A Union Goes to War: The Victorian State Services Federation in the Great War
Robert Bollard

The Great War saw dramatic growth in the Victorian State Services Federation, the union that covered state public servants and a variety of other public sector workers. The economic and political crisis engendered by the war is revealed, not only in this growth, but in an internal argument (and split) within the Federation over the issue of the Federation’s support for Maurice Blackburn in the 1917 state election. The sectarian dimensions of this division are particularly revealing, especially in association with the formation of the Police Association, under the aegis of the Federation, also in 1917. For all that the Federation never resorted to industrial action, beneath the veneer of white collar respectability the radicalisation of a significant section of the working class by the crisis of the war is evident.

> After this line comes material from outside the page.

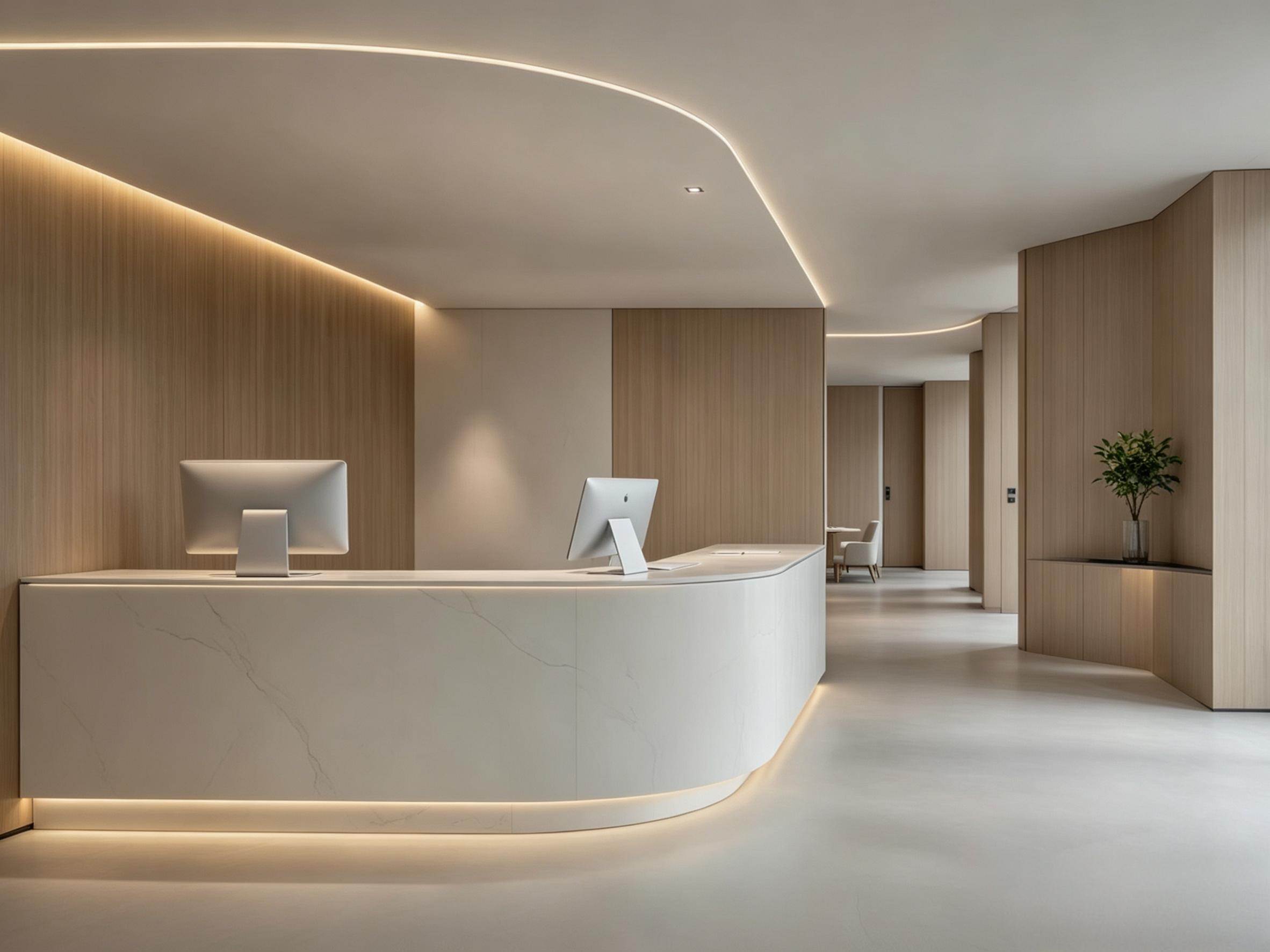 背景墙采用原木饰面与艺术涂料结合,温润的木色中和了白色的冷感,营造出亲和、舒适的接待氛围。无主灯设计搭配线性氛围灯,通过光影的层次变化,让前台区域既明亮通透,又不失静谧雅致,完美契合现代企业的高端形象。

Employee Participation and Industrial Welfarism in Australia, 1890–1965
Nikola Balnave and Raymond Markey

Non-union forms of representative employee participation have a long history in Australia, notwithstanding the privileging of trade union representation by the conciliation and arbitration system. One common form of representative employee participation occurred in the administration of industrial welfare schemes when they spread through large Australian organisations, particularly during and after World War II. However, the employee participation literature has largely neglected this significant historical movement in management strategy. A conceptual framework derived from contemporary employee participation literature is used to evaluate the substance of employee participation in administration of Australia company welfare schemes during the period 1890–1965. Conclusions are twofold: management’s motivation to introduce industrial welfare schemes was a combination of social integration in periods of industrial conflict, as well as organisational efficiency; and whilst employees often influenced decisions in substantial ways in the administration of welfare schemes, the scope of this influence was very narrow.

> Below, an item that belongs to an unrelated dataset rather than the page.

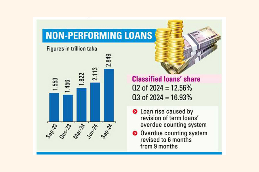 Bangladesh's banking sector sees classified loans make a quantum leap to Tk 2.85 trillion, largely for a redefined default-counting system applicable to term credits that is also revealing 'hidden' debts.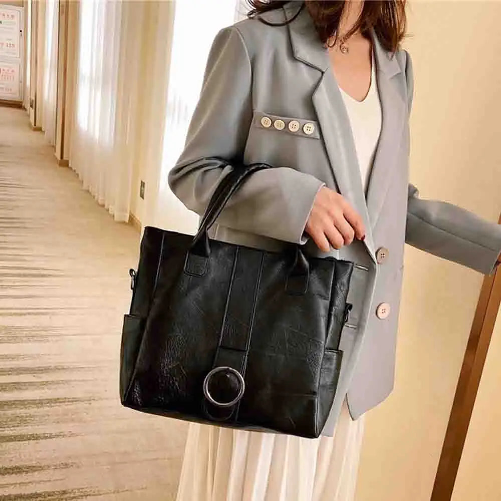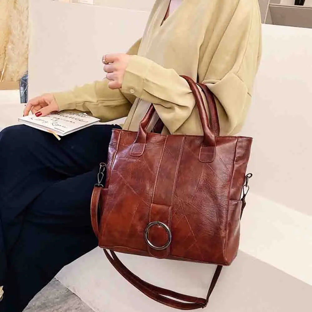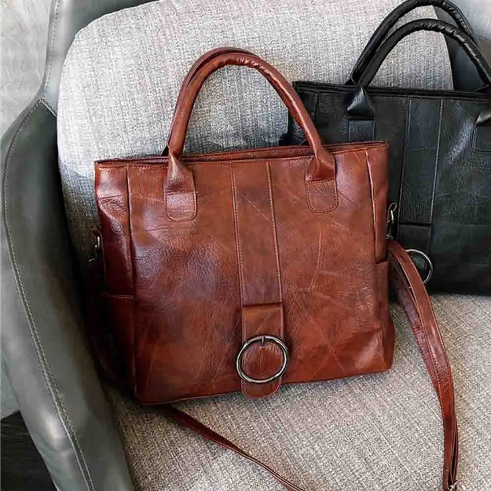 Retro Travel Shoulder Bag Soft PU Leather Tote Women's Handbag

The Interconnected Histories of Labour and Homelessness
Jessica Gerrard

This paper examines the interconnections between the history of homelessness and the history of labour in Australia. Taking a purposeful broad scope, focusing on the nineteenth and early twentieth centuries, the paper explores the ways in which homelessness is central to the history of work and labour. Drawing on the mythology attached to the swag and swagmen in Australian popular culture as its starting point, this paper demonstrates the need to understand the diverse experiences and meanings of homelessness – across specific contexts and times – as connected to the shifting cultures and practices of work, and associated gender and race relations in Australia’s settler colonial context.

“A Miserable Sectarian Spirit”: Sectarianism and the Women’s Movement in Early Twentieth-Century New South Wales
Laura Rademaker

This article examines the sectarianism that divided feminist organisations in early twentieth-century NSW. In 1903, the Catholic feminist Annie Golding took legal action against the Protestant paper, The Watchman, accusing it of libel. Through an examination of the five leading women embroiled in the Golding affair, this article shows that women activists saw women’s political loyalties as potentially divided, not only by questions of labour or free trade but also by religion. Although the feminist organisations the Women’s Suffrage League (WSL) and Women’s Progressive Association (WPA) each claimed non-sectarian status, in the debates surrounding the Golding case, their leadership proved willing to appeal to sectarian prejudices. When religious presses claimed to find sectarian division among women’s organisations, leading feminist women themselves also quickly attributed their differences to religion and exploited what they considered women’s natural piety for political gain. These findings contribute to a growing scholarship on the religious dimensions of women’s public activism, revealing complex interactions between religion, politics, class and gender.